The HAPpy pipeline is tailored to finding the loci for highly divergent gene expansions. In it's simplest form, HAP will take input sequences (either as HMMER hmm files, protein fasta files, or gtfs with a reference genome), build HMM profiles (if the input isn't already an HMM profile), and match these against all orfs in a target genome using hmmsearch (via the wrapper thammerin). It can then parse the target genome into candidate loci and feed these into genewise. Overall, not very exciting- but theres two optional settings that do more interesting things.
--cutoff <float 0.0-1.0> : if a value less than 1 (and greater than 0) is given, the reference protein sequences are clustered based on pairwise similarity (using UPGMA clustering). This is mostly useful for large multi-gene families with high divergence, as HAP will then build HMMs for each cluster which will significantly boost detection sensitivity (and save time since fewer total HMMs will need to be aligned to the target genome).
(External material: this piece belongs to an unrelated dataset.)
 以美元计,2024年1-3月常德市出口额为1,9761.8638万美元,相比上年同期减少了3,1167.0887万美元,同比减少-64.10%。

--search_mode <"fl" or "exons"> : The default "fl" (for "full length") mode uses the entire protein sequence to find candidate exons, but if you provide reference sequences in the form of reference genomes and gtf files (--ref_genome and --annotations) and set --search_mode to "exons", HAP.py will build HMMs seperately for each exon. When exon structures are conserved, this can increase sensitivity and precision. Furthermore, it allows you to use the ABCENTH annotator instead of Genewise (if you expect exon phase to be conserved).
For some gene families (e.g. ant odorant receptors, for which this program was originally written), exon structure is perfectly conserved for all genes that cluster at a specific cutoff (about 0.5-0.45 for ant ORs), thus using both "--cutoff " and "--search_mode exons" is an extremely powerful way to find all exons in a genome.
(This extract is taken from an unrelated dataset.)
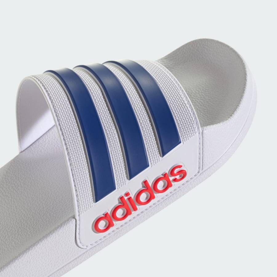 Το adidas λογότυπο και οι τρεις χαρακτηριστικές ρίγες της adidas ολοκληρώνουν το εμβληματικό στυλ των Adilette.

ABCENTH is a gene finder specifically devised for multigene families with extremely high sequence divergence but highly conserved exon structure. It is also designed to avoid gene fusion in tandem arrays. It works by taking candidate exons from a table of homology search hits and extending the candidate region by finding splice sites that recapitulate the expected exon length and phase. Phase is completely constrained, while length can be variable- the program will first look for splice sites at the exact right positions and then will alternately look at +3,-3,+6,-6, etc (until +30,-30, although this limit can be edited by changing the default "max_offset" in the exon_finder function at line 57) until it finds a valid splice site. If no valid splice site is found, the exon is still returned but is flagged as pseudogenized. As each exon is discovered, they are strung together into genes assuming they fall into the correct order (e.g. exon 2 follows exon 1). If an exon is skipped (e.g. a candidate exon 3 is found after a candidate exon 1, or a candidate exon 2 is found with no candidate exon 1), ABCENTH will extract all possible exons (all DNA segments between AG and GT which have an ORF with the correct phase and are roughly the right lenght) and select the one with the best HMMER match to the missing exon. It is thus highly robust to short exons that are often missed by homology searches (provided of course the phase and rough length of the exon is conserved). To run, it therefore needs a table of candidate hits, information about the expected length, phase, and position within the gene of each exon query, and HMM profiles for each exon query (against which to test candidate missed exons). These are all automatically generated by HAPpy, so I won't document them here unless someone requests it under "issues" (assumedly because they want to run ABCENTH without HAPpy).